I'm gonna give a wild guess. Dissidia 2 just to be different.


----------



## rockstar99 (Apr 17, 2010)

TWEWY 2... I know it wont happen but if it does I would party all night long


----------



## ImpulsE69 (Apr 17, 2010)

My guess is it's Final Fantasy: My horse and me. - a Final Fantasy themed shovelware horse game! 
	

	
	
		
		

		
		
	


	




 There's a goldmine to be had there ;p


----------



## Njrg (Apr 17, 2010)

The fact that your brain can't grasp a concept thats more than Final Fantasy 7, Kingdom Hearts, or Chrono is quite sad.

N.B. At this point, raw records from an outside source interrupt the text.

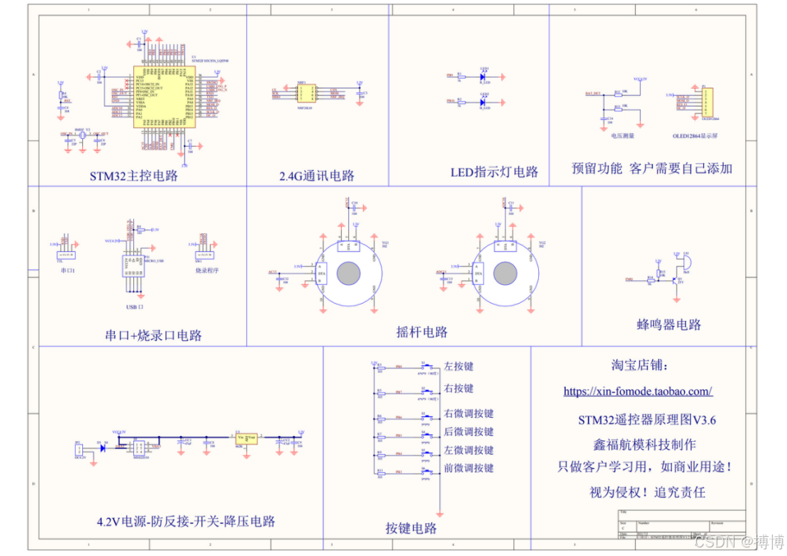 遥控整体电路结构设计相对简洁,主要包括2个模拟摇杆、6个功能按键、1个2.4G射频通信模块,此外还包含OLED显示屏接口、电池电压测量电路、电源降压转换电路、电源开关以及程序烧录接口等多个组成部分。
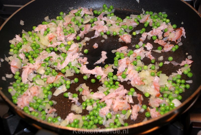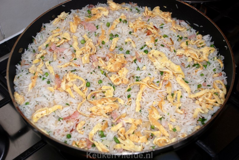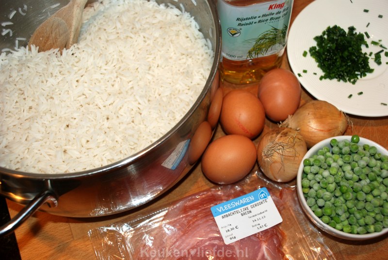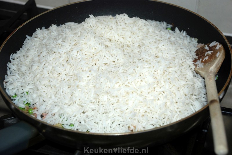 Het geheim van dit recept is om reeds eerder gekookte en koude rijst van een dag ervoor te gebruiken. Het gerecht is dan niet alleen veel sneller klaar maar ook kun je de rijst dan veel beter opbakken. Gebruik het liefst een rijstsoort die wat droger blijft na het koken zoals bijvoorbeeld basmati.
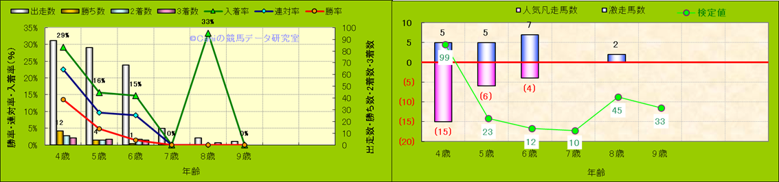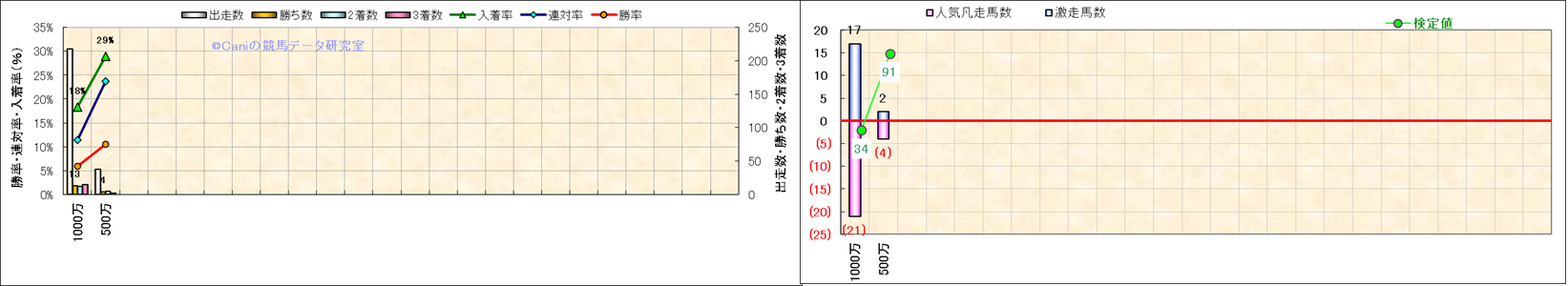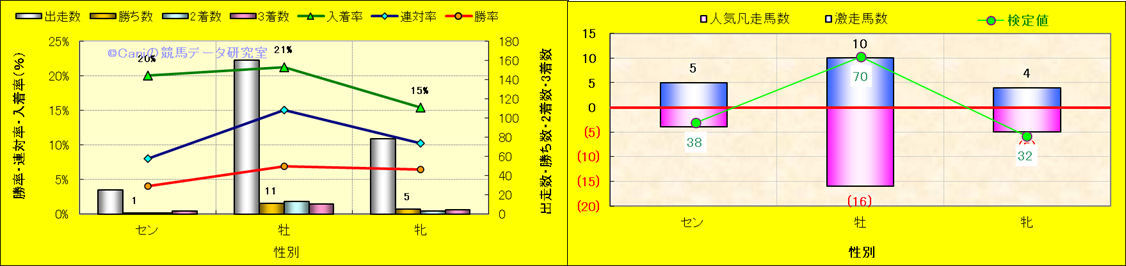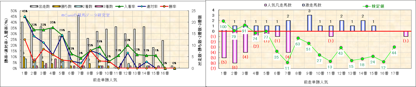 人気凡走馬:1-3番人気で着外、激走馬:5-18番人気で入着 ・検定値 |
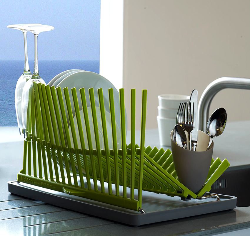 Secara berasingan, perlu diperhatikan pilihan seperti tikar pinggan mangkuk. Produk seperti ini digunakan dalam keadaan ketika ruang dapur tidak memungkinkan untuk melengkapkan pengeringan sepenuhnya. Terdapat permaidani yang mempunyai grid pada ketinggian rendah. Pilihan ini bagus untuk memberi.
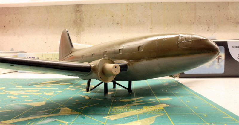 Die Passgenauigkeit dieses Kunststoffs ist dabei gar nicht einmal so schlecht, gröbere Unstimmigkeiten sind mir nicht in Erinnerung. Besonders erfreut war ich über die exzellente Passung der Klarsichtteile der Rumpffenster. Diese können schön bündig mit der Außenhaut verklebt werden, ein Umstand, den ich etwa bei der Boeing 307 Stratoliner von Bat Project als nur schwer und aufwändig umzusetzen gefunden habe. Einmal fertig gestellt, resultiert der Rohbau in einem stabilen, festen Gefüge, was angesichts der Größe der Gesamtkonstruktion durchaus angenehm ist. Die kompakten abgerundeten Formen, die man zu diesem Zeitpunkt in Händen hält, machen den zeitgenössischen Beinamen „whale“ leicht nachvollziehbar.
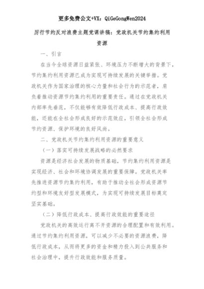 【七哥公文】2025年:厉行节约反对浪费主题党课讲稿:党政机关节约集约利用资源+更多免费公文+VX:QiGeGongWen2024+更多免费公文+VX:QiGeGongWen2024
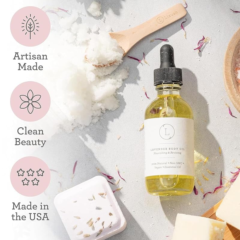 Lizush Lavender Body Oil - 2 oz Natural, Vegan, Non-GMO Moisturizing Bath Oil for Silky Skin with Premium Essential Oils - Handmade in the USA
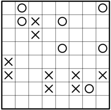Заполните свободные клетки крестиками или ноликами так, чтобы в каждой строке и в каждом столбце было по четыре крестика и четыре нолика, в каждой строке и в каждом столбце может быть не более двух крестиков или ноликов подряд. Что будет в нижней строке в угловой клетке справа - крестик или нолик? ПОМОГИТЕ ДАЮ 15 БАЛЛОВ!!!
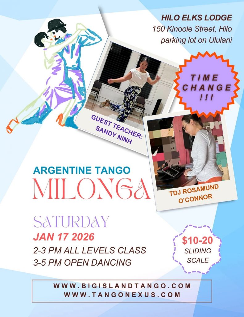 Kona Lesson and Practica has a new Venue! Every second and fourth Thursday of the month, join us for an hour lesson followed by a 30 minute practica. Rita will teach and all levels are welcome. No partner is needed. Come experience this beautiful dance at the Big Island Social Dance Club. This new dance venue is air conditioned and has a fantastic floor! Check JNRTangohawaii on facebook for any updates. Price $20.
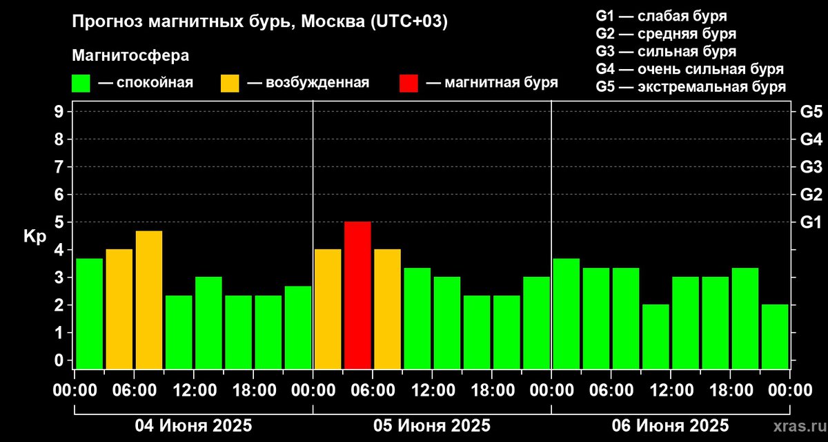 - Прогноз геомагнитных бурь на 6 июня — риск небольшой
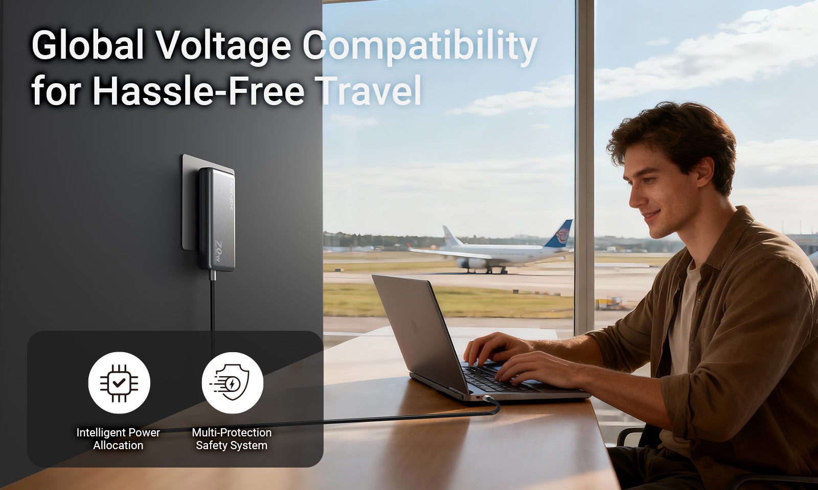 Travel worry-free with 100-240V~ global voltage support and 50/60Hz adaptability. Whether in Europe, Asia, or the Americas, the S70 automatically adjusts to local power standards, ensuring reliable charging anywhere.
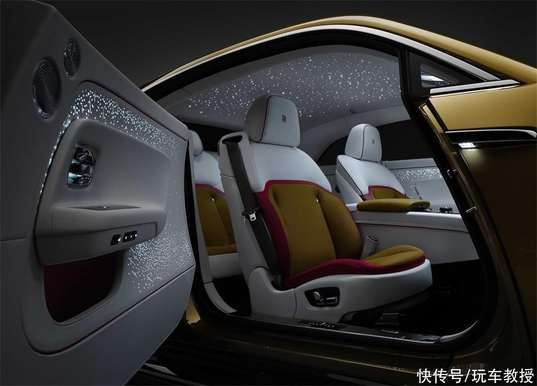 最新一代的勞斯萊斯在副駕中控臺前提供了由5500顆星星點亮的面板,當然你也可以把自己想放的東西鑲嵌到里面。著名的星空頂如今已經(jīng)升級成了4796顆燈珠的流星頂,閃靈還是首次采用星光車門的勞斯萊斯。

Enix has many more games and franchises than that.


----------



## gisel213 (Apr 17, 2010)

lemme guest is it that crazy rpg by square called NIER on the 360 that game
is crazy seriously at the title screen you hear some chick cussing back
and forth before the game starts but yet she is a talking to a book very
strange......


----------



## syko5150 (Apr 17, 2010)

Njrg said:
			
		

> The fact that your brain can't grasp a concept thats more than Final Fantasy 7, Kingdom Hearts, or Chrono is quite sad.
> 
> Enix has many more games and franchises than that.


like Star Ocean,Dragon Quest and Parasite Eve?

@gisel213 it says Unannounced game Nier comes out this month


----------



## Arp1 (Apr 17, 2010)

ImpulsE69 said:
			
		

> My guess is it's Final Fantasy: My horse and me. - a Final Fantasy themed shovelware horse game!
> 
> 
> 
> ...


No no no, Final Fantasy: My Life as a Horse.


----------



## syko5150 (Apr 17, 2010)

Arp1 said:
			
		

> ImpulsE69 said:
> 
> 
> 
> ...


people don't seem to realize that those lame pony games that are released under Square Enix are really the crap that Eidos(who is now a part of Square Enix) are releasing...


----------



## Blebleman (Apr 17, 2010)

A new Robotrek!


----------



## gamefreak94 (Apr 17, 2010)

Arp1 said:
			
		

> ImpulsE69 said:
> 
> 
> 
> ...


What horse? . When I read this I loled. Not b/c of the horse thing but b/c there are no horses in FF. It seems like the only animals they have are either talking or they are chocobo. If they did make some horse shovelware then it would be like once you pass the start screen it will just be a black screen and some letters saying: IDIOT, FINAL FANTASY DON'T HAVE HORSES!


----------



## MelodieOctavia (Apr 17, 2010)

Final Fantasy 7: the MMO 


trollface.jpg


----------



## Deleted User (Apr 17, 2010)

Parasite Eve 3rd Birthday


----------



## Rydian (Apr 17, 2010)

Nikolay said:
			
		

> Chrono Trigger Cross Sequel PLZ.Cross is the sequel to Trigger.
> 
> QUOTE(Blebleman @ Apr 16 2010, 10:24 PM) A new Robotrek!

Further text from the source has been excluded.